Strength training ‘as good as aerobic exercise for weight management’
Strength training can be as effective for weight management as aerobic training and combining the two reduces a person's obesity risk by half, research has found.
The study of the exercise habits of 1.7 million adults by the University of Southern Queensland, published in the journal Obesity, found people who did aerobic training or weights alone reduced their obesity risk by about one third.
Strength training – using your body weight, hand weights or a machine – may be as effective for weight management as aerobic exercise, study finds. Credit:Getty
Those who did aerobic or just strength training in the new research experienced “pretty similar” benefits. “There was about 30-31 per cent reduced likelihood (of obesity),” said lead author, Dr Jason Bennie, a Senior Research Fellow at USQ's Physically Active Lifestyles Research Group.
“We showed, for obesity, the most favourable was doing both – there was a 50 per cent less likelihood of obesity from doing both.”
About 40 per cent of Australian adults are obese, which increases their risk of health conditions such as diabetes, heart disease, high blood pressure and depression.
There is emerging evidence to suggest doing both forms of training improves insulin sensitivity, markers of glucose metabolism as well as lipid metabolism, increasing HDL cholesterol and decreasing LDL cholesterol.
“There is also a little bit of clinical evidence … that doing both may increase lean muscle mass and that may have a flow-on effect of increasing energy expenditure throughout the day,” Dr Bennie said.

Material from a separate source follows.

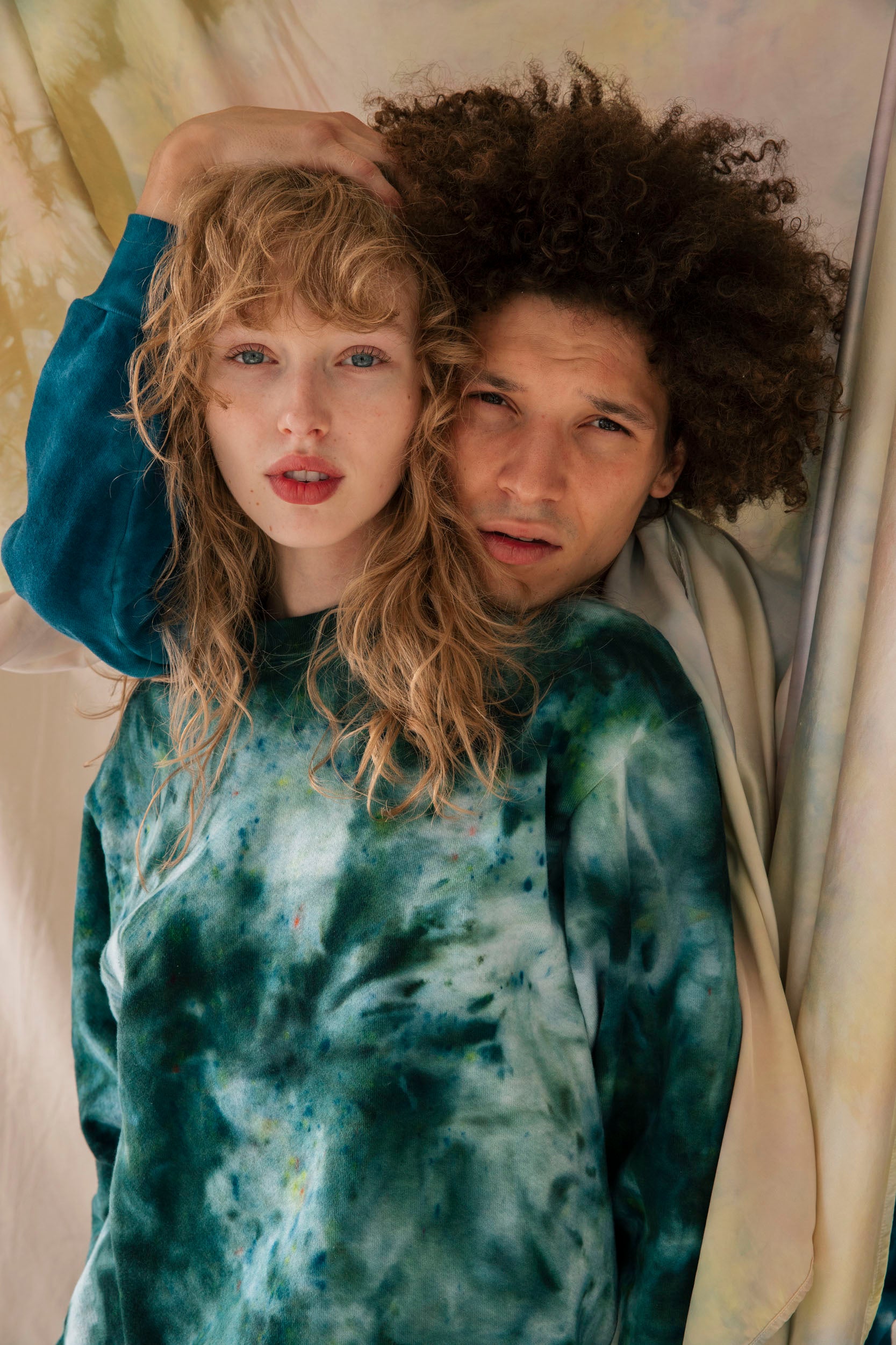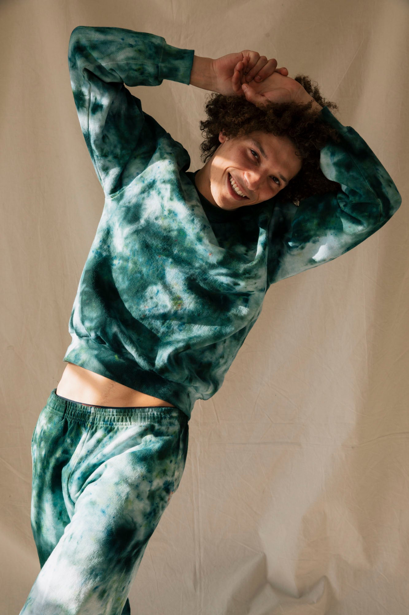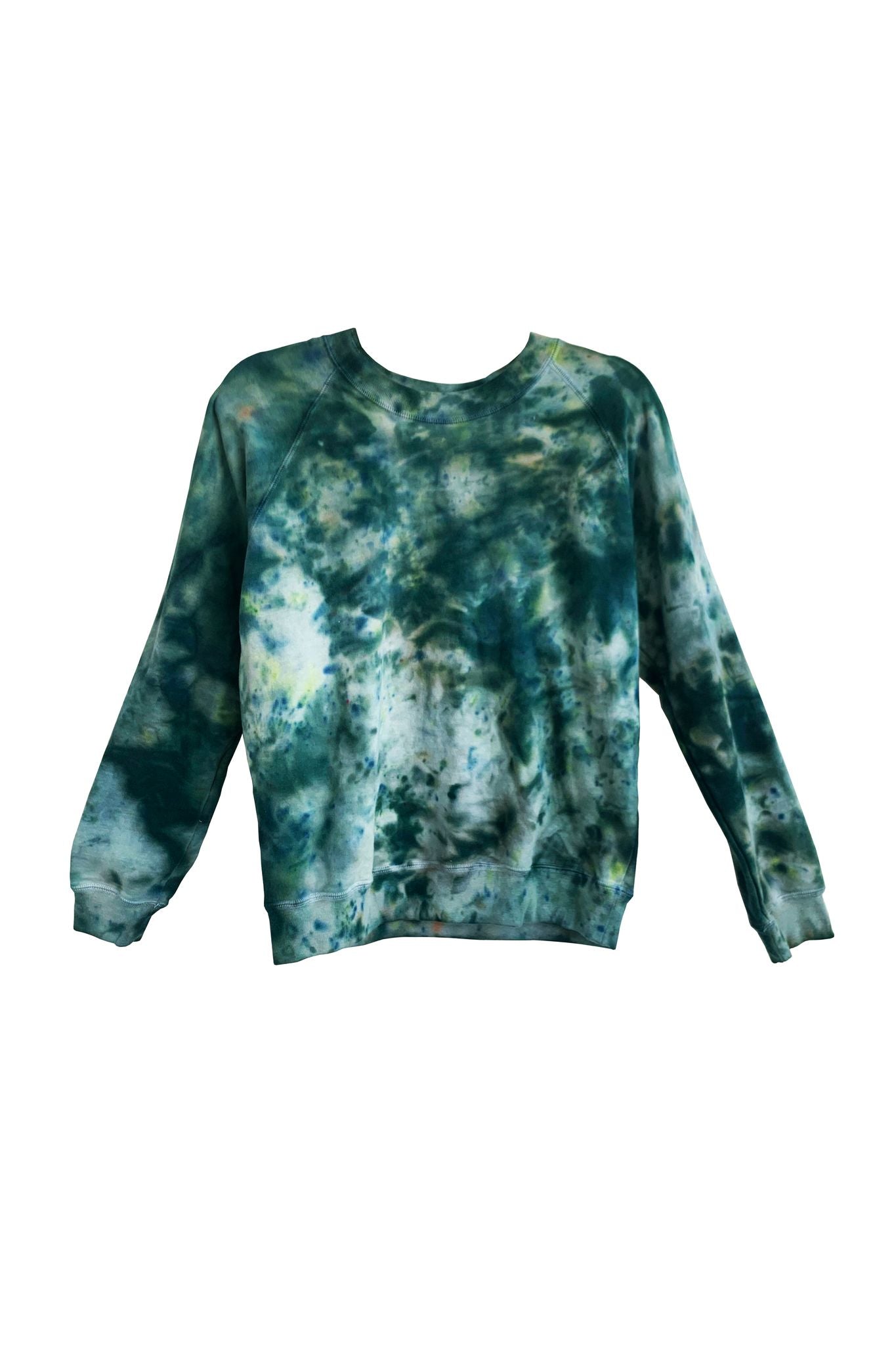 The Lola crewneck is hand dyed in deep emeralds and indigos (with some residual flecks of oranges and yellows). Each sweatshirt is hand dyed and unique. What you receive will vary from the product image in tone and pattern, due to the nature of the hand dye process.

The study followed subjects between 2011 and 2017. Previous research has found doing strength-based exercise just twice a week supports metabolism, bone density as we age and cognitive function.
It is also linked with a 23 per cent reduction in risk of premature death by any means, and a 31 per cent reduction in cancer-related death.
“I was interested in looking at different physical activities and the way they interact with obesity and body mass index,” said Dr Bennie. “The majority of the evidence is around aerobic (exercise). There has been a little bit of evidence saying muscle strength exercise may also be a benefit for obesity prevention.”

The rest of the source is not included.